We are rigorous about our supply chain and careful about where we source bioethanol and biodiesel, but it can always sneak in if we have to buy a one-off cargo in Rotterdam to fill a gap ... We try and avoid splash and dash at all costs.

That is, they do not avoid it at all costs - such an activity makes almost no sense in a capitalist economy. However, it does try to avoid it, for its own reasons. What are those reasons, and how compelling are they?
 
 
Digital Hermes
16:26 / 01.04.08
The infant analogy comes in by the fact that corporations are considered legal entities, by themselves. Employees, boards of directors, and management are all working for the benefit of this entity. In that respect, my analogy considers that most decisions made by a company, particularly a large one, are being made at an almost reptilian level of intelligence. Consume, grow, compete for resources, that kind of thing.

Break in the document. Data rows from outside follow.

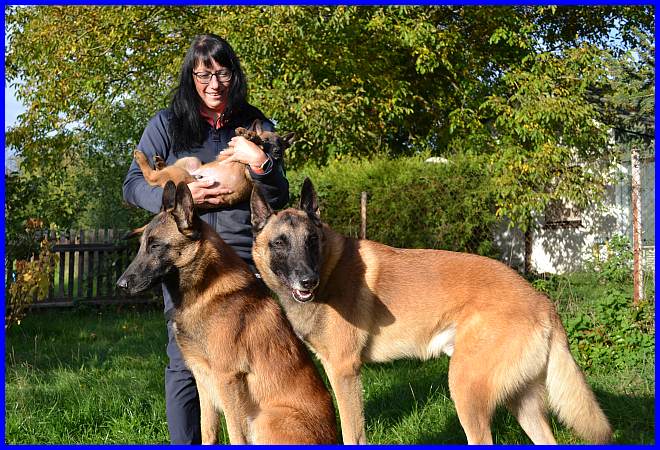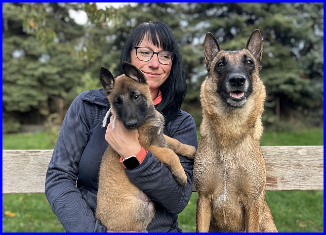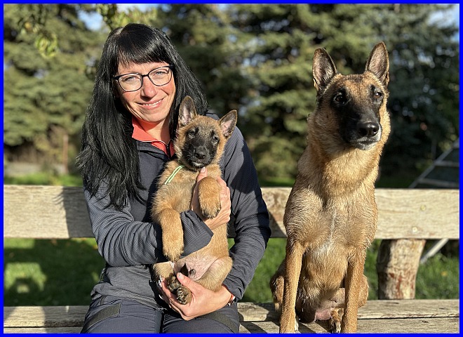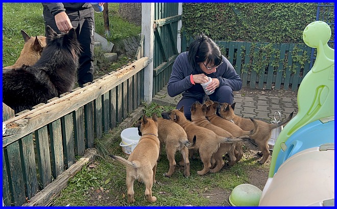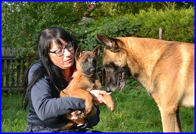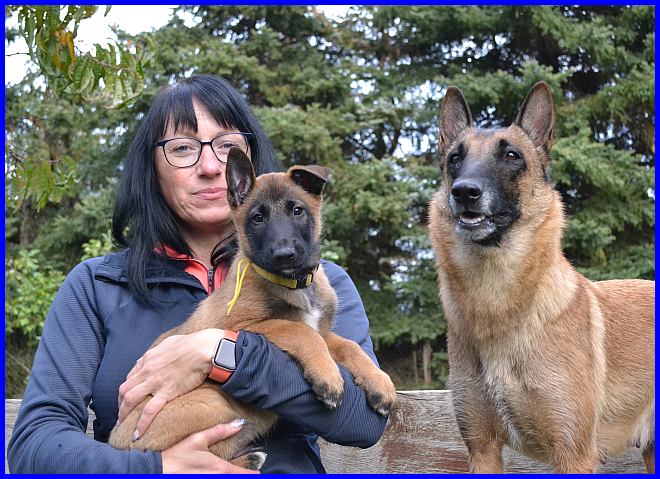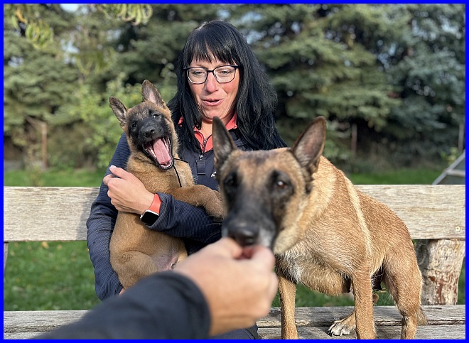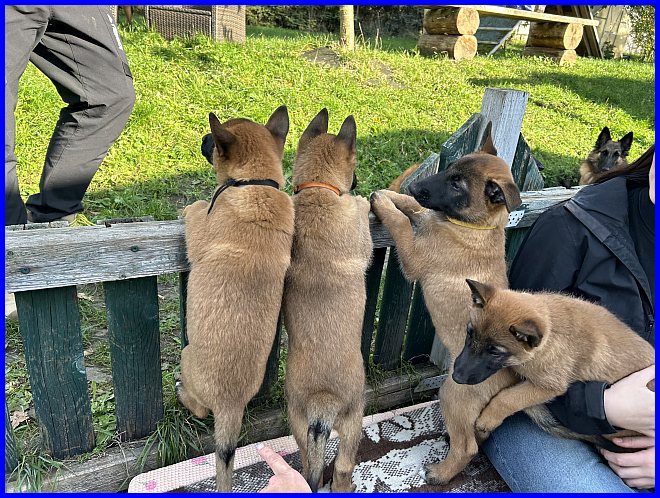 Am 14.10.2024 waren Birgit, André und Adina bei uns zu Besuch, wollten eigentlich nur Welpen knuddeln kommen :-) und dann kam alles ganz anders! Sie haben mit mir die Fotos vom 8 Wochen Portrait gemacht, sind spontan als Gehilfen eingesprungen. Danke, das war total lieb von Euch!!! Natürlich hatten sie ihre beiden Mali Rüden, Quintus of the BBO und Sasa the star of the BBO, mit, die auch auf einigen Fotos zu sehen sind. Wie bei jedem Wurf sind diese Fotos immer ohne Deko, ich möchte Fotos von den Köpfen und den Körpern. Dennoch hatten wir jede Menge Spaß, denn Welpen wollen nun mal nicht posieren, da muss man sich für jeden Welpen was neues einfallen lassen und eine Riesenportion Geduld mitbringen. Danke, Ihr Lieben, für Euren Besuch und die Hilfe beim Fotoshooting.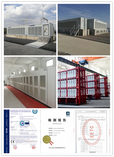新風(fēng)光公司研發(fā)動態(tài)無功補(bǔ)償與諧波治理裝置(SVG)始于2006年,是國內(nèi)研發(fā)制造商之一,公司產(chǎn)品已實(shí)現(xiàn)電壓等級400V-35kV全覆蓋,擁有戶內(nèi)、戶外、風(fēng)冷、水冷、星接、角接等400多個(gè)機(jī)型供用戶選擇。新風(fēng)光高壓動態(tài)無功補(bǔ)償裝置(SVG)于2010年12月通過省級技術(shù)鑒定;2017年在國內(nèi)率先獲得武漢高壓研究所低壓穿越認(rèn)證;2018年公司百兆級高壓水冷SVG成功通過中國電科院型式試驗(yàn)檢測驗(yàn)收,同年產(chǎn)品通過歐盟CE認(rèn)證。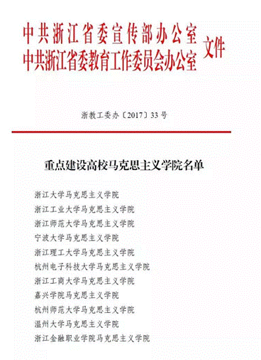 日前,中共浙江省委宣传部办公室,中共浙江省委教育工作委员会办公室发文公布全省重点建设马克思主义学院名单,确定新澳门六合彩 和浙江大学等11所高校马克思主义学院作为重点建设单位。
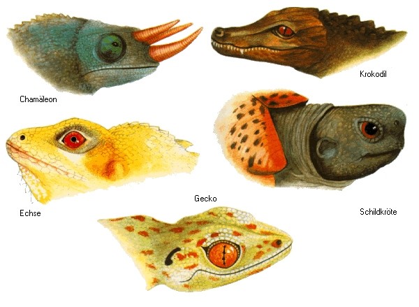 ]Klasse der Wirbeltiere mit den Ordnungen der Brückenechsen, Schildkröten, Krokodile und Schuppenkriechtiere (Echsen, Schlangen und Doppelschleichen). Charakteristika sind eine drüsenarme Haut, die von verhornten Schuppen oder Hornschilden bedeckt ist, und meist 4 Gliedmaßen, die den Körper bei der schlängelnd-kriechenden Bewegung nur unvollkommen vom Boden abheben oder die auch vollständig zurückgebildet sein können, etwa bei den Schlangen. Reptilien sind wechselwarm (poikilotherm), d. h., ihre Körpertemperatur hängt von der Umgebungstemperatur ab. Die Herzkammern sind nicht völlig voneinander getrennt. Die Atmung erfolgt durch Lungen. Sie pflanzen sich meist durch Eier fort oder sind lebend gebärend, ohne Metamorphose. Die Reptilien bilden eine sehr alte Wirbeltiergruppe, die erstmalig im Karbon auftrat. Ihre Blütezeit hatten sie vor 220–65 Mio. Jahren mit den Dinosauriern. Die überwiegende Zahl starb in der Kreidezeit aus. Heute sind noch etwa 7000 vorwiegend landbewohnende Arten bekannt. Die meisten von ihnen leben in den warmen Gebieten der Erde. Viele sind in ihrem Bestand gefährdet. Von den europäischen Arten gelten rd. 45% als vom Aussterben bedroht.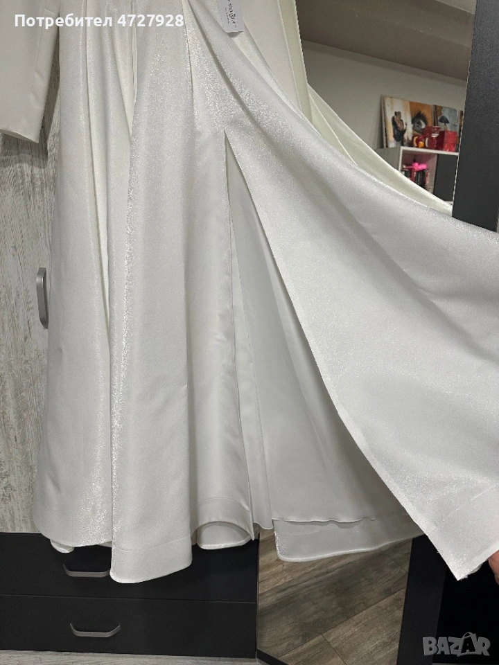 Отстрани по дължината има цепка. Чисто нова е, не е обличана (освен за пробата в магазина). Към нея продавам и воал, болеро, чанта и обувки - 38 р-р. Те също са чисто нови. Роклята е закупена за 1700 лв., а останалите аксесоари за 400 лв. Продавам я за 800 лв. Аксесоарите са подарък.

So as an infant at first concerns itself with adapting to it's surroundings in a way that is instantly beneficial to it, and then slowly develops the understanding that working in society requires a certain level of interaction and sharing with that society, so too might this reptilian entity evolve. This is theoretical and optimistic, but not outside possibility.

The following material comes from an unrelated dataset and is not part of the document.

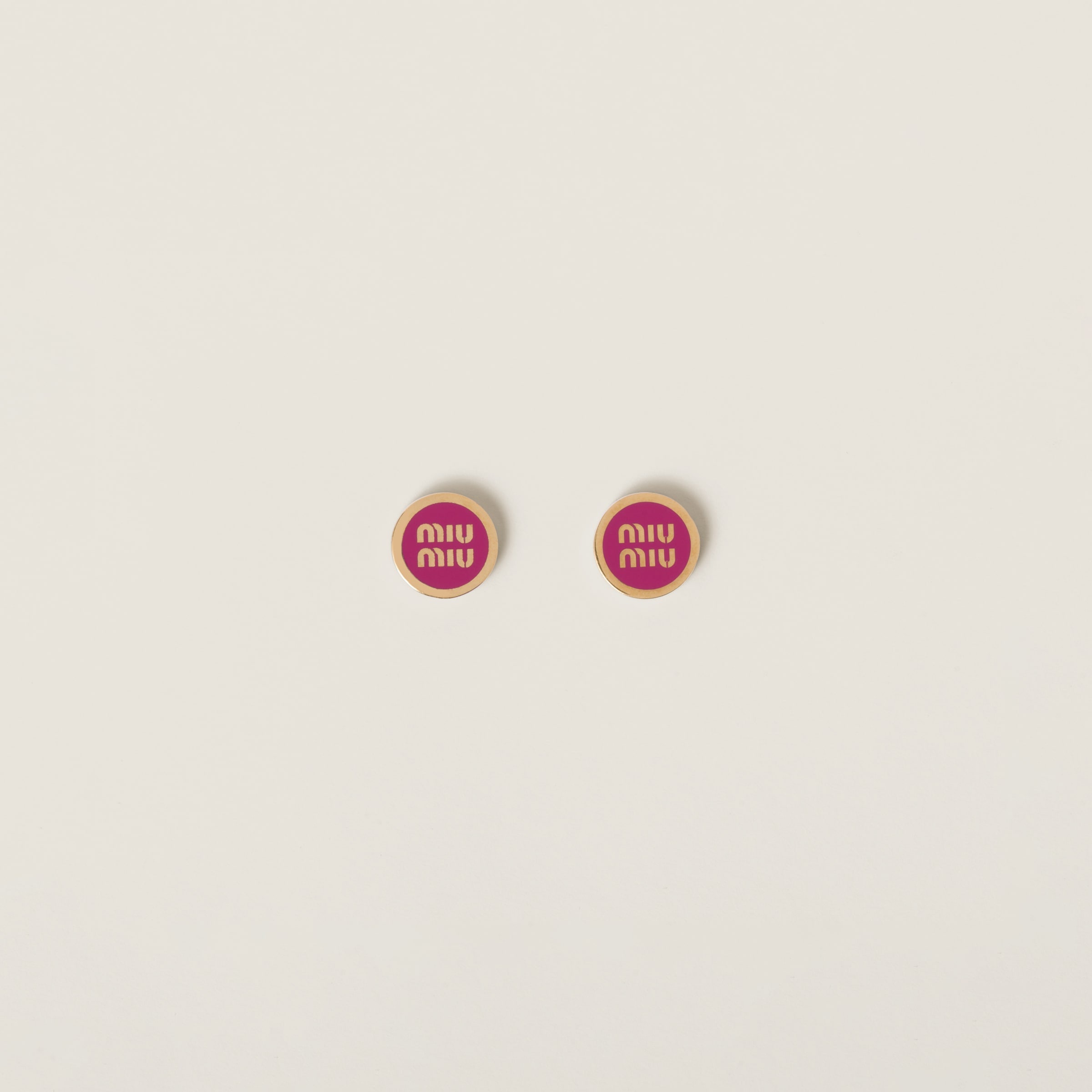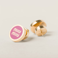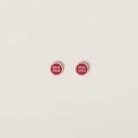 These romantic, minimalist earrings are decorated with the Miu Miu lettering logo at the center. - Product code: 5JO912_2F6T_F0029 - Metal and colored enamel - For pierced ears - Visible logo - Width: 1,5cm - Length: 1,45cm - Imported

Certain brands marketing themselves as ethical or green has been mentioned. Is that a niche, or part of a trend to slowly replace their production base from something wasteful to something that shares with society(or at least avoids destroying needed elements like land/breathable air/freedom from slavery)?
 
 
Mickosthedickos
13:51 / 02.04.08
Just a few points not backed up by much evidence at the moment as i am not at home.

A higher level of GDP generally correlates with higher living standards and greater political freedoms.

The best way to achieve GDP growth is by adopting free market policies, notable examples being Taiwan, South Korea, etc.

I realise that GDP is a flawed concept but if we look at current levels of GDP rather than GDP growth we see a much more reliable indicator of personal and political freedoms.